The Doves
When Doves Cry
Writer: Barney HoskynsFeatures, Issue 15, Published online on 01 Apr 2005 Page 1 of 4 Next >
Jimi Goodwin, the affable, bearded bassist/singer with Mancunian trio the Doves, leans forward in his seat for an endearing moment of honesty. “We were looking for a frontman like Morrissey, and we just couldn’t find one,” he says. “So it was like, ‘Jimi, you might not be the greatest-looking kid on the block, but you can sing. And this is about the music.’”
Goodwin is recalling the fateful decision made in 1998 with his bandmates—brothers Jez and Andy Williams—to remain a trio and cease searching for the mythical lead singer who’d eluded them for so long. “Once we realized that,” he says, “no one could f—in’ hold us back.”
And almost nothing has held the Doves back since they released their debut, Lost Souls, in 2000. The band is one of the most fêted to come out of England since the demise of Britpop in the late ’90s. Its passionate, atmospheric music has also brought an ardent following in the United States, where the Doves third album, Some Cities, is slated for an April release.
“We’ve got a bit of a fan base in America,” Goodwin says. “We can go to the big cities and play to 2,000 people.”

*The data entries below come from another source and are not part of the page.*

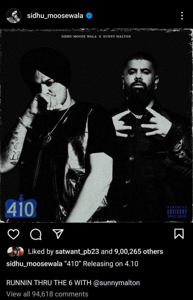ਸੰਨੀ ਨੇ ਲਿਖਿਆ ਸੀ ਕਿ ਜੇਕਰ ਉਸ ਦੀ ਪੋਸਟ ‘ਤੇ ਇਕ ਲੱਖ ਕੁਮੈਂਟ ਆ ਜਾਣ ਤਾਂ ਉਹ ਗੀਤ ਦਾ ਪੋਸਟਰ ਰਿਲੀਜ਼ ਕਰ ਦੇਣਗੇ। ਹੁਣ ਸਿੱਧੂ ਮੂਸੇਵਾਲਾ ਦੇ ਇੰਸਟਾਗ੍ਰਾਮ ਪੇਜ ‘ਤੇ ਗੀਤ ਦਾ ਪੋਸਟਰ ਸਾਂਝਾ ਕੀਤਾ ਗਿਆ ਹੈ, ਜਿਸ ‘ਚ ਸਿੱਧੂ ਤੇ ਸੰਨੀ ਦੋਵੇਂ ਦਿਖਾਈ ਦੇ ਰਹੇ ਹਨ। ਗੀਤ ਦਾ ਨਾਂ ‘410’ ਹੈ, ਜੋ ਕਿ 10 ਅਪ੍ਰੈਲ (4/10) ਨੂੰ ਰਿਲੀਜ਼ ਹੋਵੇਗਾ।
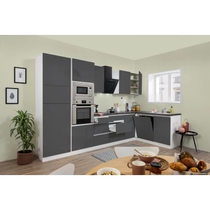 Respekta Premium Winkelküche Grifflos 345 Cm Grau Hochglanz-Weiß
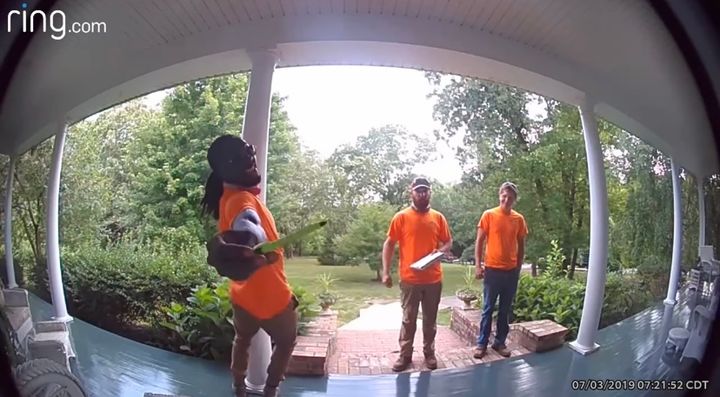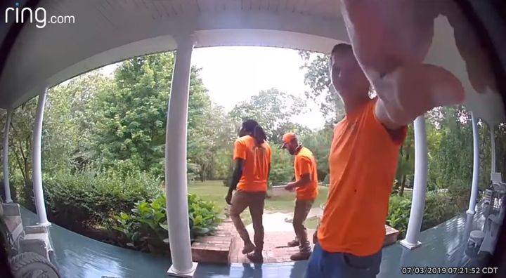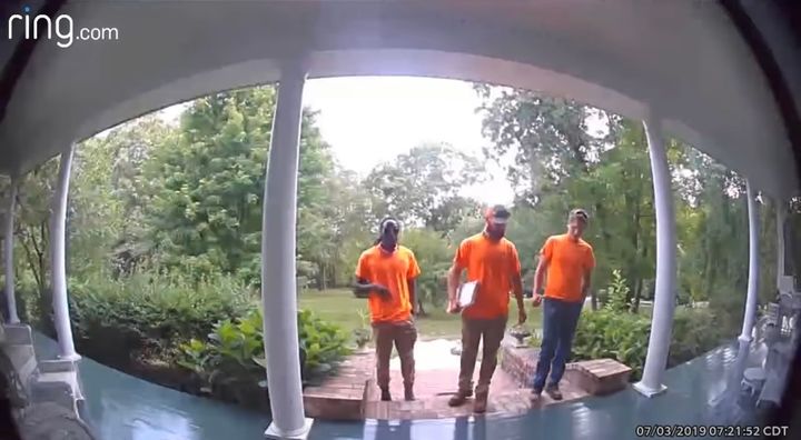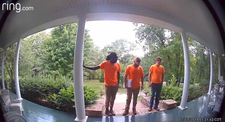 まるでコント!玄関前の床が「ペンキ塗りたて」だと勘違いした3人組の行動をインターホンカメラがキャッチ!【アメリカ・動画】
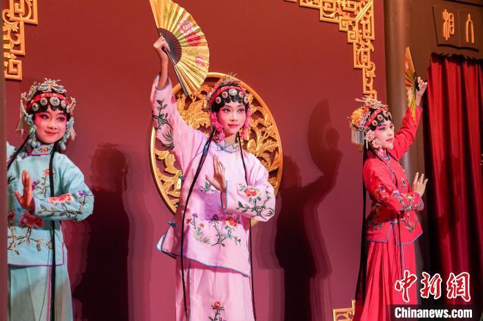 1月15日晚,广西南宁新会书院,南宁市解放路小学学生上演戏曲行当展示《邕城戏韵》。中新社记者 陈冠言 摄
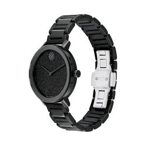 Movado bold evolution, 34mm black ion plated stainless steel case and bracelet with black glitter dial and crystal pave dot. Quartz movement. Case size 34mm. Water resistantup to 30 meters. K1 mineral crystal. Push button deployment clasp.
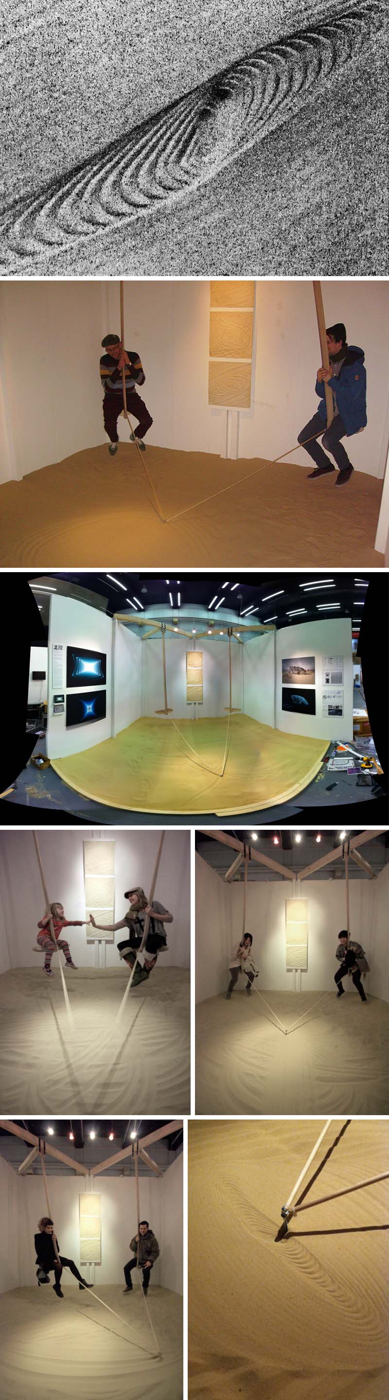 UK-based architectural designer and artist, Dan Dodds, has proposed an installation for Burning Man 2013 titled Near Unison that visualizes the harmonic relationship between two people using a pair of pendulum swings. A prototype of Near Unison, sans the elegant and striking exterior structure, was exhibited at this year’s Kinetic Art Fair. The installation specifically explores the harmonograph — a machine that became popular as a 19th century capable of producing beautiful drawings by mapping the relationship between two swinging pendulums. The oscillation frequency of the pendulums can be changed by modifying their lengths. Near Unison acts as a large-scale interactive harmonograph, allowing people to take the place of the pendulum weights, swinging back and forth, creating patterns in the sand that are ‘near unison’ a 1:1 ratio when the people occupying the swings are of similar weight. You can see the prototype in action below and keep your eyes peeled for the even larger version at the next Burning Man Festival in Black Rock Desert this August. Should be fun.
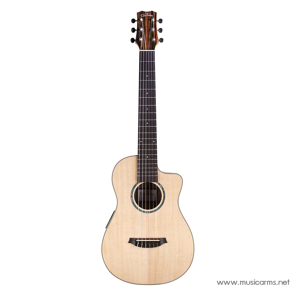 Say hello to the Mini II EB-CE — our popular Mini travel-size guitar, but slightly bigger and with an extended 580mm (22 7/8”) scale length so it tunes perfectly to Standard E. Despite its small profile, the Mini II has a deeper body depth which creates a well-rounded tone that is close to a full-size nylon string guitar. Built with a solid spruce top and striped ebony back and sides, the Mini II EB-CE is resonant with a clear, defined tone. Another stand-out feature is its cutaway for reaching the uppermost frets with ease and a Córdoba pickup with on-board tuner so you can amplify on the go.
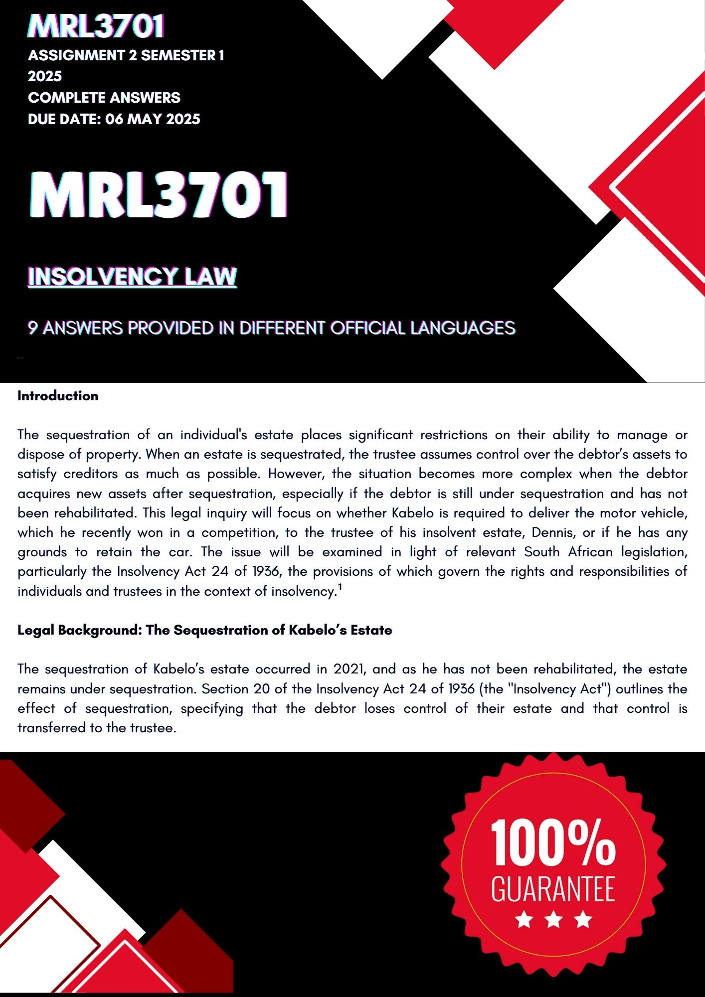 MRL3701 ASSIGNMENT 2 SEMESTER 1 2025 COMPLETE ANSWERS (DUE DATE: 06 MAY 2025) {Answers Provided in multiple official languages}}
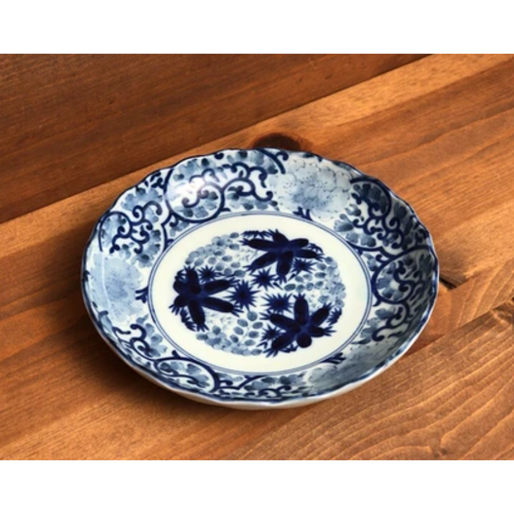 日式陶瓷藍染唐草瓦碟 19CM (日本製)
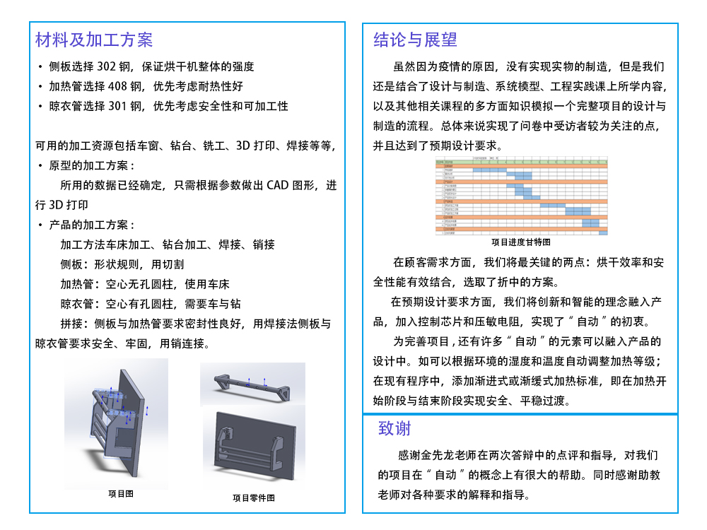 虽然因为疫情的原因,没有实现实物的制造,但是我们还是结合了设计与制造、系统模型、工程实践课上所学内容,以及其他相关课程的多方面知识模拟一个完整项目的设计与制造的流程。

The Doves rode in on a wave of unapologetically emotive rock triggered by Radiohead and Jeff Buckley. Like Thom Yorke and friends, they resurrected rock’s passion. Lost Souls was about transcendence—reaching for redemption, reminiscent of that post-punk period of “rockism” epitomized in the early ’80s by Echo & the Bunnymen.
“We’re glad we sidestepped Britpop because we weren’t ready,” says Goodwin. “Britpop was a bit detached and aren’t-we-clever-clever. We were quite aware that we would never have fitted into that [scene]. If we’d put out Lost Souls a couple of years before, it would probably have got lost.”
The Doves were part of a wider resistance to the paralyzing pop-culture irony that had undone epic rock as Britain had once known it. Lost Souls had a quintessential Englishness: the shiver of yearning, the self-doubt and introversion of grown men weeping over liquid guitars.
What set the group apart from Coldplay, Muse, Six By Seven, JJ72 and other Radiohead wannabes was the depth of its sound—the use of beats and textures that drew on its early love of hip-hop and cool movie soundtracks. “We’ve always had that sampling, cut-and-paste aesthetic,” Goodwin says. “We’ve never been a straight-ahead plug-in-and-play band, and we never wanted to be.”